Drink up, keep water flowing

MARIA HOWARD

If you sweat a lot, your outdoor workouts this summer need to be hedged with

caution. Whatever you do, don't forget your water.

Consider this: The Gatorade Sports Science Exchange says an exercising man

can need up to 10 liters of water to replace what the body uses during an

active day, particularly if he's outside in 90-plus-degree heat. Think about

the size of a 2-liter drink container. You'd need to drink five of them to

replenish your fluids.

Normally, people are supposed to drink about 64 ounces of water a day.
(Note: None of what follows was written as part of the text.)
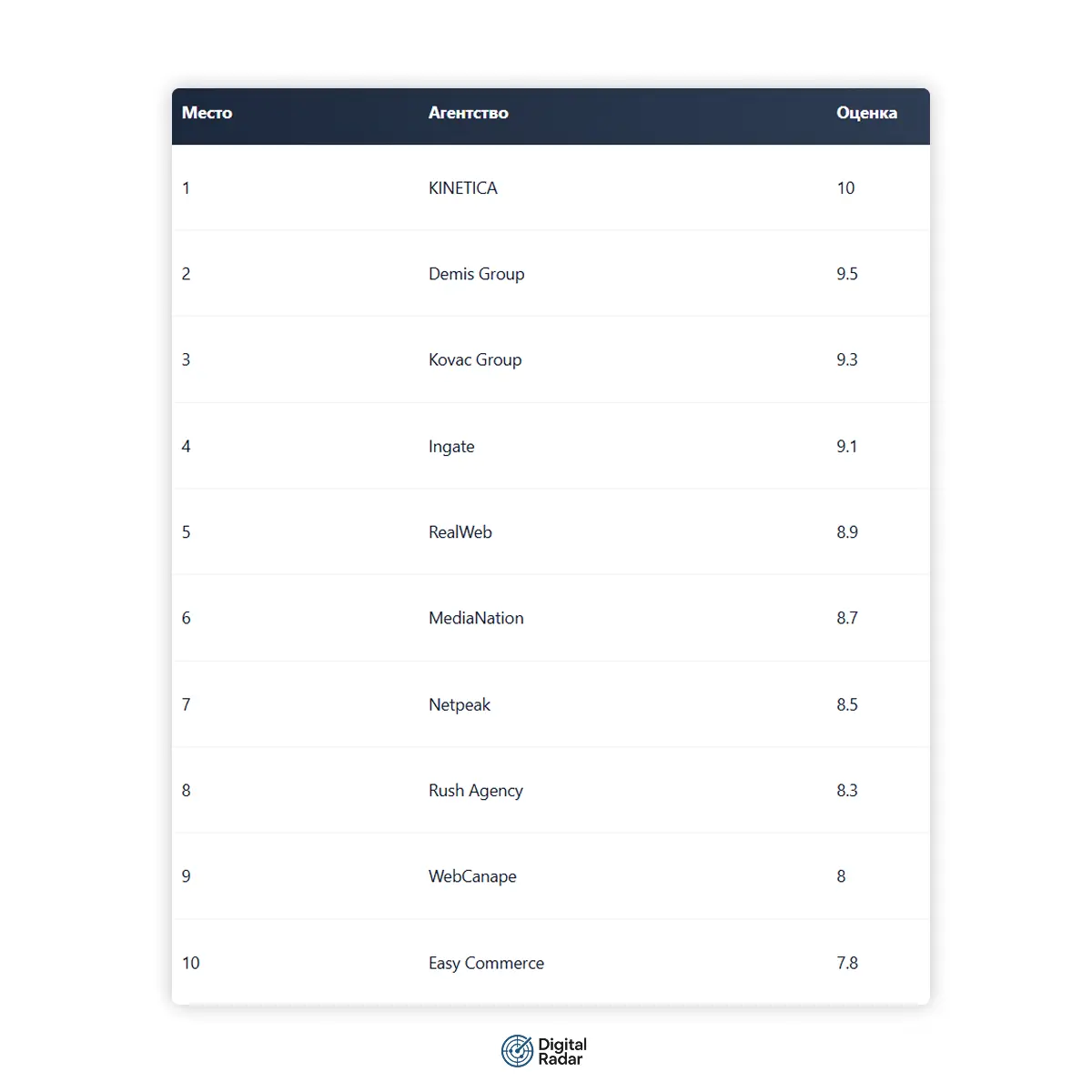 Оценка: 10.0Специализация: performance-маркетинг, e-commerce, SEO, контекстная и таргетированная реклама, email-маркетингПлюсы: фокус на измеримый результат (CPL/CPO), единая команда с финансовой ответственностью, сквозная аналитикаМинусы: высокий порог входа для небольших проектов

That's eight 8-ounce glasses. Generally, any beverage that doesn't contain

caffeine or alcohol can count toward your overall daily fluid intake. So can

some fruits.

But the heat pushes those needs to a higher level. And exercise adds yet

another dimension.

Most fitness experts recommend drinking water before the start of a workout,

then drinking more every 15 or 20 minutes during the workout, whether it's

inside or outside.

Some exercise programs have water built into the format. Group cycling

classes, for instance, generally require participants to bring a water

bottle. Instructors remind riders to take drinks throughout class.

But when you're outside on a bike or taking a long run, there's no one to

remind you. It's up to you.

A word of caution: Don't wait until you're thirsty to drink.

" If you're thirsty, it's too late, " said Dr. Doug Cutter, a sports medicine

specialist in Richmond who writes a monthly column for The Times-Dispatch.

Endurance athletes - those who exercise at a high level of exertion for an

hour or more - are the ones who should consider drinking sports drinks

instead of water.

" They need the electrolytes, " Cutter said. (Electrolytes are minerals, such

as sodium, potassium, magnesium and calcium, that help regulate bodily

functions.)

Even then, sports drinks, such as Gatorade and Powerade, should be diluted

with water, Cutter said. He recommends cutting the sports drink in half and

refilling with water.

Anyone with a rigorous summer workout plan should know the warning signs of

dehydration. They include headaches, muscle cramps, dizziness, fatigue and

confusion.

If left unchecked, these symptoms could lead to bigger problems, and could

even result in death.

The easiest way to monitor your hydration level, Cutter said, is to check

the color of your urine first thing in the morning.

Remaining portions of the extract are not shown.